#### [The task]
Repeat exactly the lines of the records below, starting at the line containing "Belt has a deeply" and ending at the line containing "Early Fort Casey.". Leave the pictures out.

#### [Material to process]
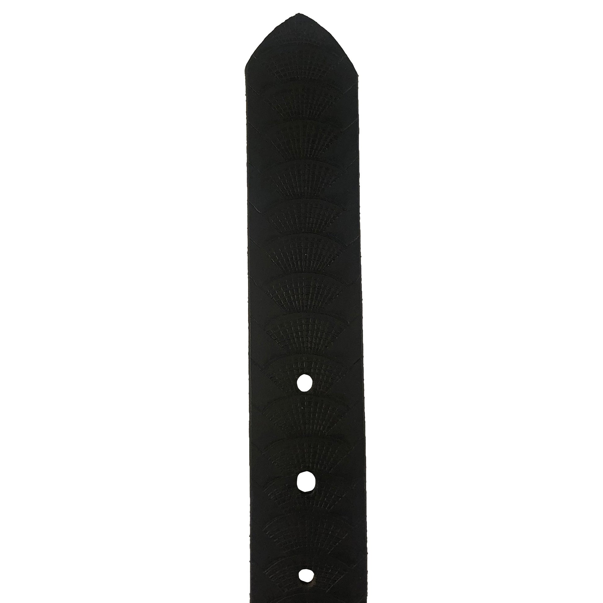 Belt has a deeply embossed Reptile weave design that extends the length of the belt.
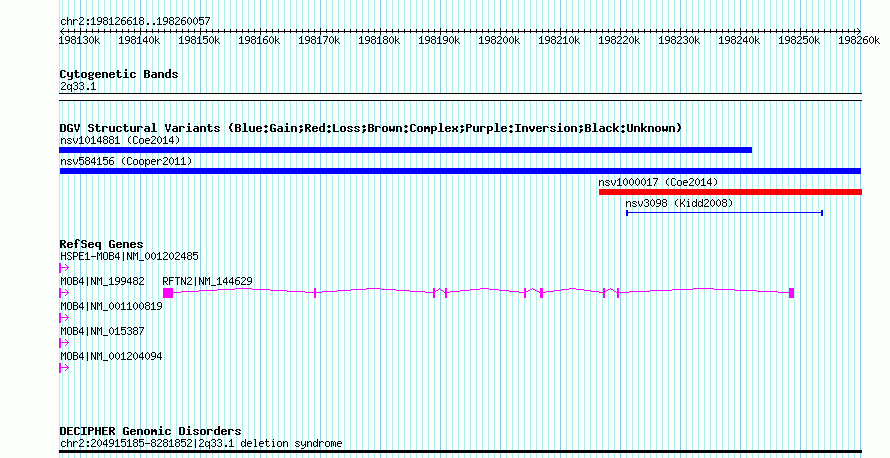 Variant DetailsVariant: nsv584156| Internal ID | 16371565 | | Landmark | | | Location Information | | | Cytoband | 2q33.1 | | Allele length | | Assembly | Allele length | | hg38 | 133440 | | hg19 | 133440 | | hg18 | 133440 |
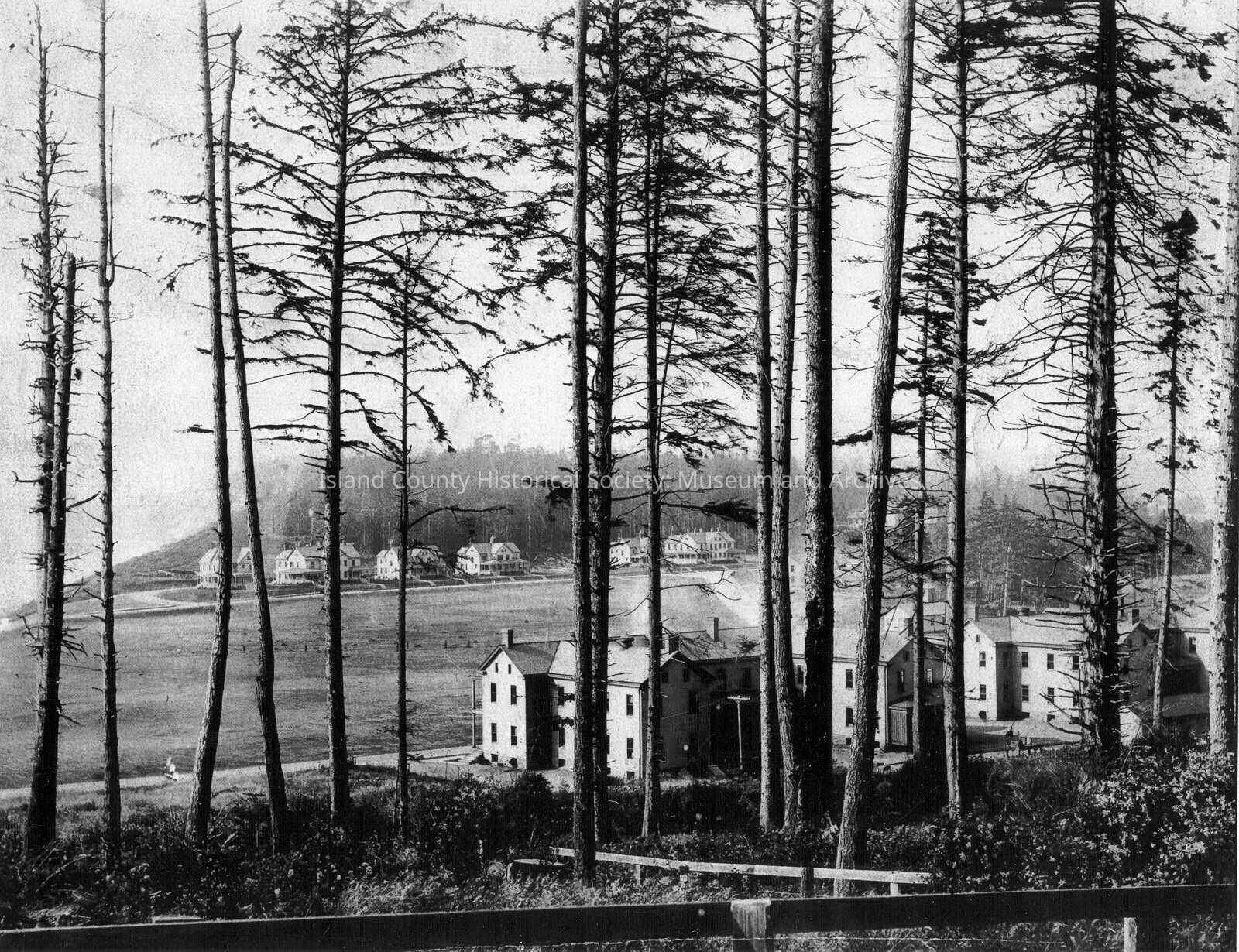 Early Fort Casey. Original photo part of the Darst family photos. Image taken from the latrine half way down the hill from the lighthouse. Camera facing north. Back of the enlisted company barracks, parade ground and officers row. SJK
...
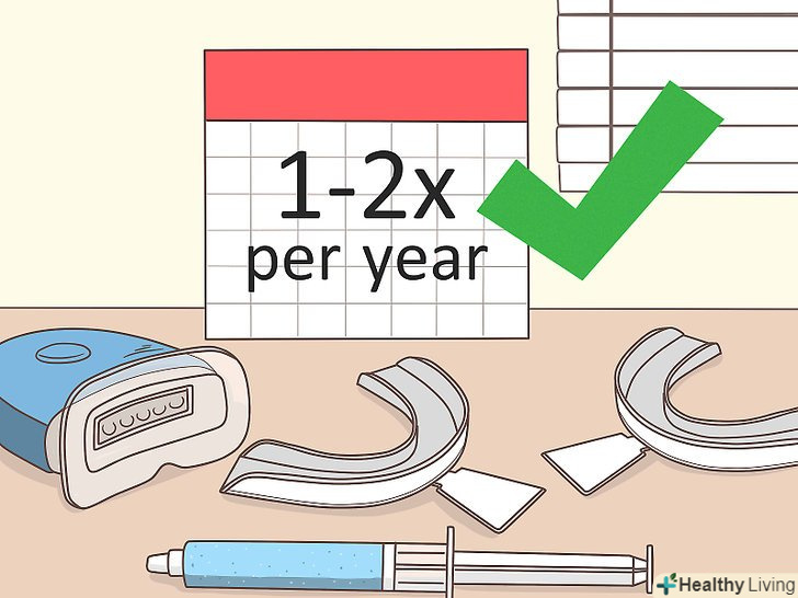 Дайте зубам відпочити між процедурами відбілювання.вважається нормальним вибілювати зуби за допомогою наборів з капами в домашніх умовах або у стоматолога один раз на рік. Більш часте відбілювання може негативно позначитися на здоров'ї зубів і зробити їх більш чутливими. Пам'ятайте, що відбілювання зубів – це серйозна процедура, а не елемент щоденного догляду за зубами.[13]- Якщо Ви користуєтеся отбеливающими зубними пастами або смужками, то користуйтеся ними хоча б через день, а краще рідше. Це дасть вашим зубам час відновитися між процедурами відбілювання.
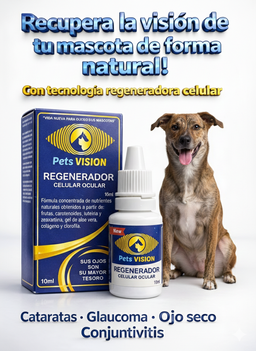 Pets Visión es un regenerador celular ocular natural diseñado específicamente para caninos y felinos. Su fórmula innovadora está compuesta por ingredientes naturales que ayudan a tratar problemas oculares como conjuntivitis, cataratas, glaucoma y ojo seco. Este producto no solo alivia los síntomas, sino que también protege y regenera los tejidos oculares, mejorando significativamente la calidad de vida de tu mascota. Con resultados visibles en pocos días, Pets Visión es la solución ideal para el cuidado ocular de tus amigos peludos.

#### [Response]
 Belt has a deeply embossed Reptile weave design that extends the length of the belt.
 Variant DetailsVariant: nsv584156| Internal ID | 16371565 | | Landmark | | | Location Information | | | Cytoband | 2q33.1 | | Allele length | | Assembly | Allele length | | hg38 | 133440 | | hg19 | 133440 | | hg18 | 133440 |
 Early Fort Casey. Original photo part of the Darst family photos. Image taken from the latrine half way down the hill from the lighthouse. Camera facing north. Back of the enlisted company barracks, parade ground and officers row. SJK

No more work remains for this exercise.